▸ **WORK REQUIRED**
All pictures should be dropped, and only the lines from the top of the entries below through the line containing "Trixie tükrös kefe" repeated exactly, both ends included.

(Records contained in a dataset)
+-------+

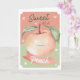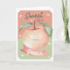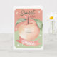 Envie um pouco de doçura com este cartão de cumprimentos de aquarela "Tão doce quanto um pêssego". Com uma ilustração de pêssego pintada à mão com tons de rosa suave, folhas verdes suaves e um rosto sorridente alegre, este design traz calor e charme para qualquer ocasião.
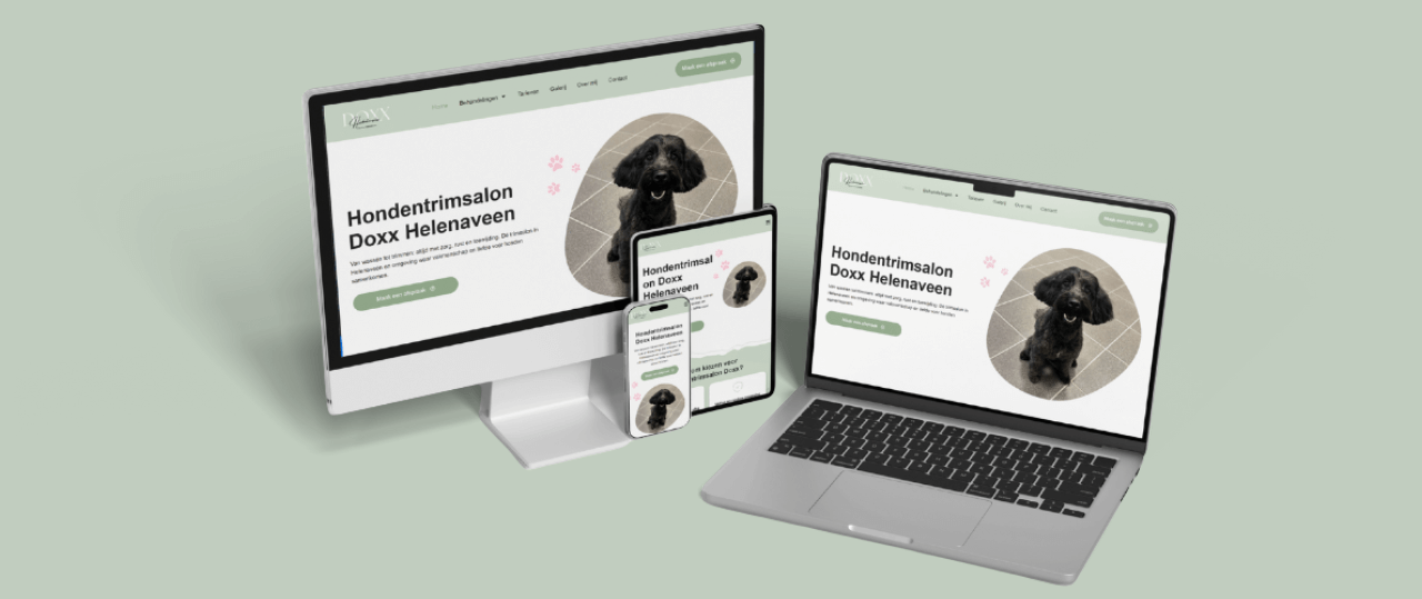 Voor Hondentrimsalon Doxx hebben we een frisse en toegankelijke website ontwikkeld die perfect aansluit bij de persoonlijke en liefdevolle zorg die de salon biedt. De website straalt vertrouwen en professionaliteit uit, met duidelijke informatie over de behandelingen, werkwijze en het maken van afspraken. Dankzij de overzichtelijke opbouw en vriendelijke uitstraling kunnen baasjes snel terecht voor een trimbeurt.
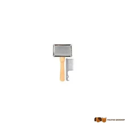 Trixie tükrös kefe fa nyéllel, puha fém sörtékkel. A kefetisztító fésű tartozék!
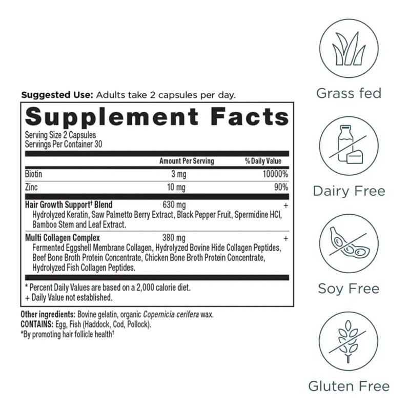 Cabello visiblemente más grueso y lleno en 3 meses: ingrediente clave clínicamente validado para apoyar un ciclo de crecimiento del cabello más saludable, reducir la rotura y aumentar el brillo del cabello en un 47%, todo en solo 90 días.; 10 tipos de colágeno de fuentes reales de alimentos: presenta una mezcla única de 10 tipos de colágeno, incluido el colágeno de membrana de cáscara de huevo fermentado, que, cuando se combina con queratina solubilizada, puede apoyar el cabello, la piel y las uñas.; Formulado con queratina solubizada clínicamente validada: esta fórmula fortalece el cabello, promueve el brillo y el grosor, y apoya la salud del folículo. También ayuda a reducir la apariencia de arrugas y mejorar la resistencia de las uñas.; Soporte para el cabello alimentado por superalimentos: Formulado con una mezcla de potentes superalimentos como la palma enana americana y la baya de árbol casto, además de un ingrediente clave para reforzar la resistencia a la tracción del cabello y apoyar el ciclo de crecimiento del cabello.; Limpio, cómodo y eficaz: solo 2 cápsulas fáciles de tomar por día con una bebida; ingredientes de origen responsables con los que puedes sentirte bien, con resultados reales que puedes ver y sentir. Todos nuestros productos estan en inglés SKU 100625047905
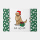 Joyeux Noël Père Noël Golden Retriever - Drôle chien souriant avec un chapeau de Père Noël et un cadeau de Noël. HO, oh ! Copyright © Angi Laframboise. Les mignons chiens de vacances produisent des cadeaux de Noël caricaturaux pour les amoureux de les chiens.
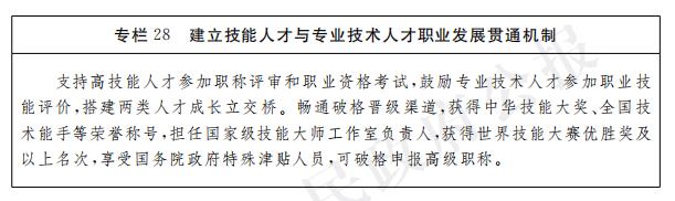 創新技能人才評價製度。健全以職業能力為導向,以工作業績為重點,注重工匠精神培育和職業道德養成的技能人才評價體係。建立和完善與國家職業資格製度相銜接、與終身職業技能培訓製度相適應的職業技能等級製度,推進市場化職業技能等級認定,由經人力資源社會保障部門備案公布的用人單位和社會培訓評價組織對勞動者的職業技能水平進行考核評價,使評價更加貼近企業需求和勞動者技能水平提升需要。支持和鼓勵企業拓寬培訓、考核、使用、激勵相結合的人才成長通道,改變技能人才職業等級天花板現象。到2025年,實現新增取得技能人員職業資格證書或職業技能等級證書人數30萬人,取得高級工以上職業資格證書或職業技能等級證書人數7.5萬人。

+-------+

▸ **EXPECTED ANSWER**
 Envie um pouco de doçura com este cartão de cumprimentos de aquarela "Tão doce quanto um pêssego". Com uma ilustração de pêssego pintada à mão com tons de rosa suave, folhas verdes suaves e um rosto sorridente alegre, este design traz calor e charme para qualquer ocasião.
 Voor Hondentrimsalon Doxx hebben we een frisse en toegankelijke website ontwikkeld die perfect aansluit bij de persoonlijke en liefdevolle zorg die de salon biedt. De website straalt vertrouwen en professionaliteit uit, met duidelijke informatie over de behandelingen, werkwijze en het maken van afspraken. Dankzij de overzichtelijke opbouw en vriendelijke uitstraling kunnen baasjes snel terecht voor een trimbeurt.
 Trixie tükrös kefe fa nyéllel, puha fém sörtékkel. A kefetisztító fésű tartozék!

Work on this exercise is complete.